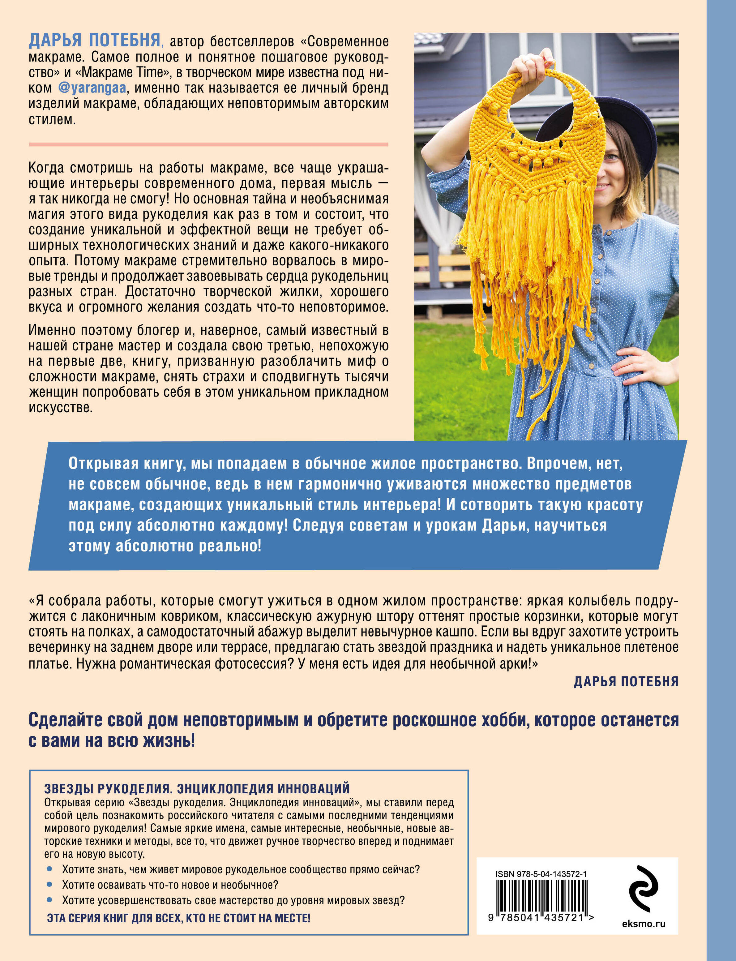 Новый подарок всем любителям рукоделия от самого узнаваемого мастера, блогера и автора бестселлеров «Современное макраме» и «Макраме Time» Дарьи Потебня @yarangaa! Третья книга была задумана в ответ всем, кто, глядя на изысканные и филигранные изделия в технике макраме, говорит про себя - я так никогда не смогу! Каждый сможет убедиться, что, используя всего три узла и несколько вариантов их комбинаций, можно творить настоящие чудеса! Например, декорировать интерьер в стиле макраме. От коврика до колыбели, от панно до арки для фотосессии. Проявив определенную смелость, можно сплести даже вечернее платье! И, как всегда у Дарьи, обучающий материал дается подробно, понятно, четко, каждый шаг проиллюстрирован. А авторские проекты заставляют просто замирать в восхищении фантазией мастера. Теперь вы сможете не только повторить ее произведения, но и придумать, и воплотить собственные, и даже найти свой собственный стиль!| Издательство | ООО "Издательство "Эксмо" |
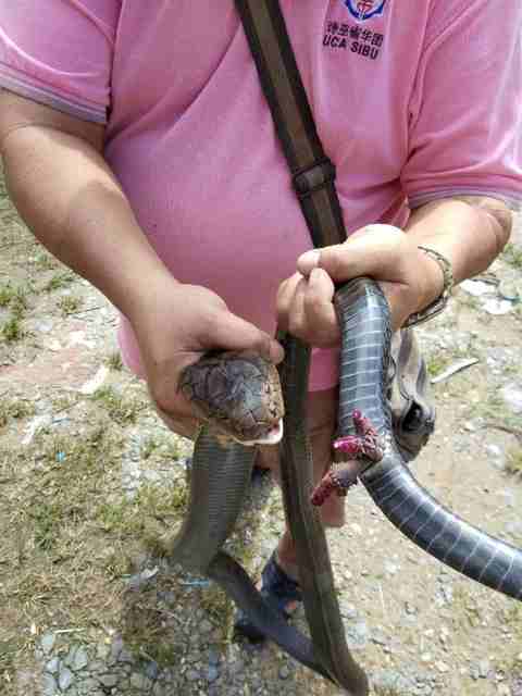 日前早上,超群路一家养猪场两名伊班工人听到储藏中心发出异响,即前往检查,惊见一条十多尺长的过江龙正在攻击一只四脚蛇,当时四脚蛇已被咬死。
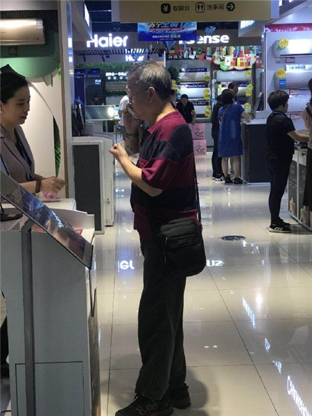 一位年過六旬的老人,一會(huì)兒工夫向一位空調(diào)導(dǎo)購員鞠躬五次,每次90度。這一幕,發(fā)生在南京新街口蘇寧易購云店的空調(diào)專區(qū)。
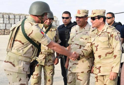 Ο Σίσι επιθεώρησε νωρίτερα μονάδες των ενόπλων δυνάμεων (φωτο) και της αστυνομίας στην Ελ Αρίς, την πρωτεύουσα της επαρχίας, όπως ανακοίνωσε η αιγυπτιακή προεδρία. Ο Σίσι, φορώντας στολή για πρώτη φορά αφότου αναδείχθηκε στην προεδρία πριν από έναν χρόνο, είπε στους άνδρες των μονάδων τις οποίες επιθεώρησε ότι τουλάχιστον 200 εξτρεμιστές σκοτώθηκαν στις εχθροπραξίες των τελευταίων ημερών και πρόσθεσε:
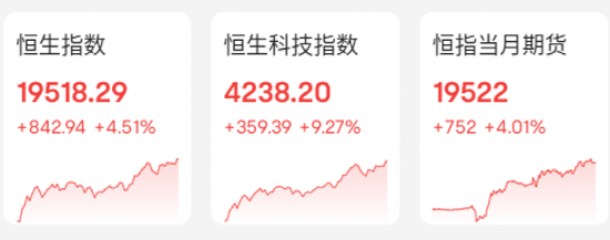 港股再遇大行情,涨逾800点,恒生指数为此轮反弹行情来首次站上19500点。
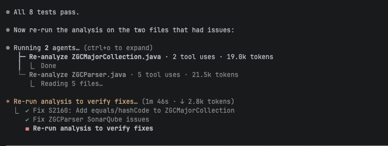 Ask Claude to analyze a file after generating or modifying code. In our example, we asked Claude to extend a Java parser module and then prompted:
#####
### Assignment:
Copy each record exactly. Leave any images out of the copy.

### Task answer:
 Новый подарок всем любителям рукоделия от самого узнаваемого мастера, блогера и автора бестселлеров «Современное макраме» и «Макраме Time» Дарьи Потебня @yarangaa! Третья книга была задумана в ответ всем, кто, глядя на изысканные и филигранные изделия в технике макраме, говорит про себя - я так никогда не смогу! Каждый сможет убедиться, что, используя всего три узла и несколько вариантов их комбинаций, можно творить настоящие чудеса! Например, декорировать интерьер в стиле макраме. От коврика до колыбели, от панно до арки для фотосессии. Проявив определенную смелость, можно сплести даже вечернее платье! И, как всегда у Дарьи, обучающий материал дается подробно, понятно, четко, каждый шаг проиллюстрирован. А авторские проекты заставляют просто замирать в восхищении фантазией мастера. Теперь вы сможете не только повторить ее произведения, но и придумать, и воплотить собственные, и даже найти свой собственный стиль!| Издательство | ООО "Издательство "Эксмо" |
 日前早上,超群路一家养猪场两名伊班工人听到储藏中心发出异响,即前往检查,惊见一条十多尺长的过江龙正在攻击一只四脚蛇,当时四脚蛇已被咬死。
 一位年過六旬的老人,一會(huì)兒工夫向一位空調(diào)導(dǎo)購員鞠躬五次,每次90度。這一幕,發(fā)生在南京新街口蘇寧易購云店的空調(diào)專區(qū)。
 Ο Σίσι επιθεώρησε νωρίτερα μονάδες των ενόπλων δυνάμεων (φωτο) και της αστυνομίας στην Ελ Αρίς, την πρωτεύουσα της επαρχίας, όπως ανακοίνωσε η αιγυπτιακή προεδρία. Ο Σίσι, φορώντας στολή για πρώτη φορά αφότου αναδείχθηκε στην προεδρία πριν από έναν χρόνο, είπε στους άνδρες των μονάδων τις οποίες επιθεώρησε ότι τουλάχιστον 200 εξτρεμιστές σκοτώθηκαν στις εχθροπραξίες των τελευταίων ημερών και πρόσθεσε:
 港股再遇大行情,涨逾800点,恒生指数为此轮反弹行情来首次站上19500点。
 Ask Claude to analyze a file after generating or modifying code. In our example, we asked Claude to extend a Java parser module and then prompted:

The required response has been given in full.